◆ REQUIREMENT
Please reproduce all entries word for word and omit their pictures.

◆ Items from a dataset
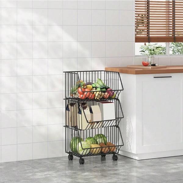 Ιδανικό για την αποθήκευση λαχανικών, φρούτων, ξηρών προϊόντων και άλλων, αυτό το καρότσι σας βοηθά να έχετε τα πάντα σε κοντινή απόσταση.
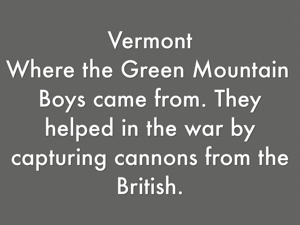 Where the Green Mountain Boys came from. They helped in the war by capturing cannons from the British.
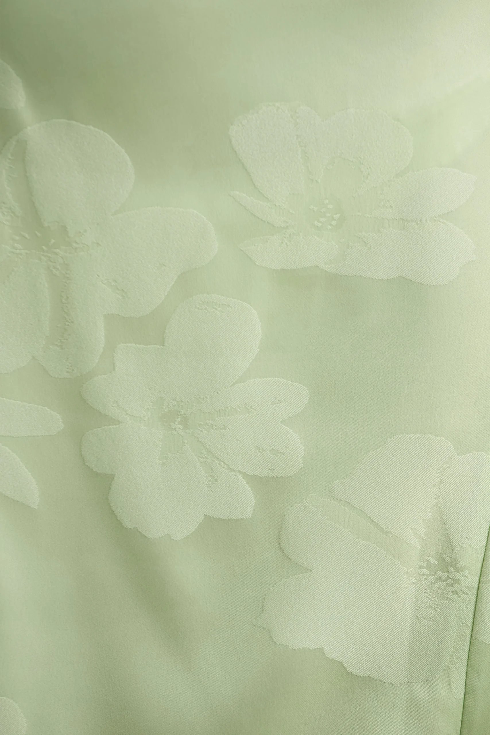 Satén y jacquard de alta calidad en verde claro (100% poliéster)
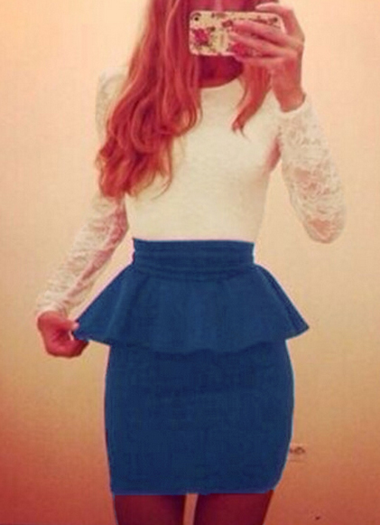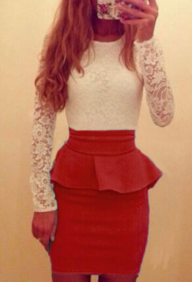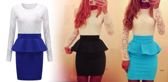 Стильние платье с кружевным верхом и баской. Платье подойдёт на каждый день или для торжественного мероприятия. Оно выгодно подчеркнёт стройную фигуру и тонкую талию.
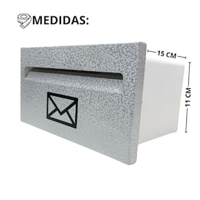 Frente de Aço Galvanizado • Largura da Frente: 24cm • Altura: 12,5cm • Tamanho da Entrada das Cartas: 20,5cm Box de Cartas – Polipropileno (plástico) • Largura do Box: 21cm • Altura do Box: 11cm • Profundidade do Box: 15cm

◆ TASK RESULT
 Ιδανικό για την αποθήκευση λαχανικών, φρούτων, ξηρών προϊόντων και άλλων, αυτό το καρότσι σας βοηθά να έχετε τα πάντα σε κοντινή απόσταση.
 Where the Green Mountain Boys came from. They helped in the war by capturing cannons from the British.
 Satén y jacquard de alta calidad en verde claro (100% poliéster)
 Стильние платье с кружевным верхом и баской. Платье подойдёт на каждый день или для торжественного мероприятия. Оно выгодно подчеркнёт стройную фигуру и тонкую талию.
 Frente de Aço Galvanizado • Largura da Frente: 24cm • Altura: 12,5cm • Tamanho da Entrada das Cartas: 20,5cm Box de Cartas – Polipropileno (plástico) • Largura do Box: 21cm • Altura do Box: 11cm • Profundidade do Box: 15cm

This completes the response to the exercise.